▸ INSTRUCTIONS FOR THE TASK
Using the material below, print the line that contains "9. System GoBack", the line that contains "Dimensões de corte (LxP): 880 x 490 mm.", and every line in between, exactly and nothing else.

▸ RECORD SET
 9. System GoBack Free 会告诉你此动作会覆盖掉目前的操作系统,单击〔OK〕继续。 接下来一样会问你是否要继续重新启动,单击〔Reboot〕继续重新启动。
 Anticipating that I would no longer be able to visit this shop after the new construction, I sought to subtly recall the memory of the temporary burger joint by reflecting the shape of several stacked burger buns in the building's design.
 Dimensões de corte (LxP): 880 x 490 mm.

==

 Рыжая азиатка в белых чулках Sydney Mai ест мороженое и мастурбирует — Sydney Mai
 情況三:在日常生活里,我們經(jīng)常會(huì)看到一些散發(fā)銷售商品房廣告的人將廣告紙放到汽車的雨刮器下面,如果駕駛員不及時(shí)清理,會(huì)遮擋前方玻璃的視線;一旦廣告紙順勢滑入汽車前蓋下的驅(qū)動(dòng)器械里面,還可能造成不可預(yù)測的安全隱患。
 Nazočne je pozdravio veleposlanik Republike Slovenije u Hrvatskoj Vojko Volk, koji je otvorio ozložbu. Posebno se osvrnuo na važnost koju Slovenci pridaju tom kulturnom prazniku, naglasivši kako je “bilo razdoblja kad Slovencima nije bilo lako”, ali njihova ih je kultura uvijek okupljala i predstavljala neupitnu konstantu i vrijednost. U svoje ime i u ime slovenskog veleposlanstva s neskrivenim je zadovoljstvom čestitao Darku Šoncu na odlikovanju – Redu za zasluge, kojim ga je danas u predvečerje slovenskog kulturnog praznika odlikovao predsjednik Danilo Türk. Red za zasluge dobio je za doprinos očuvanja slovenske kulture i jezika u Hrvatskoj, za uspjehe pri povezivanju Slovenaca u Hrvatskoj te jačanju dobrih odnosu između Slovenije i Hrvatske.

--

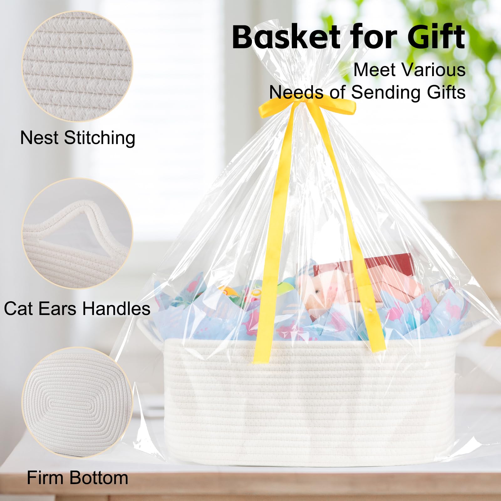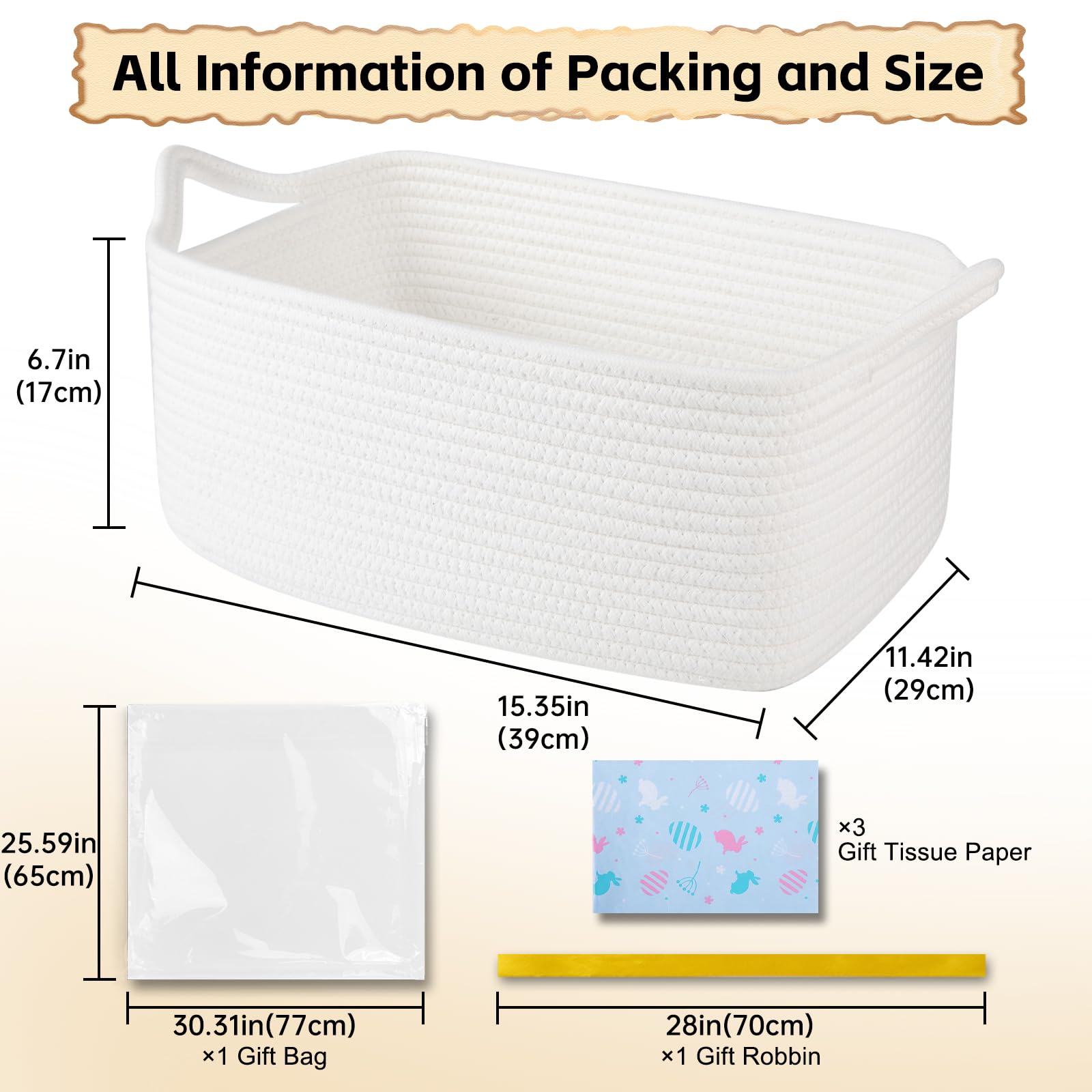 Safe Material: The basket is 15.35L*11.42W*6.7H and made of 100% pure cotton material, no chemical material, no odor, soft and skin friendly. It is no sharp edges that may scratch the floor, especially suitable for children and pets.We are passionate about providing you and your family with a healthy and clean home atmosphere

▸ EXPECTED ANSWER
 9. System GoBack Free 会告诉你此动作会覆盖掉目前的操作系统,单击〔OK〕继续。 接下来一样会问你是否要继续重新启动,单击〔Reboot〕继续重新启动。
 Anticipating that I would no longer be able to visit this shop after the new construction, I sought to subtly recall the memory of the temporary burger joint by reflecting the shape of several stacked burger buns in the building's design.
 Dimensões de corte (LxP): 880 x 490 mm.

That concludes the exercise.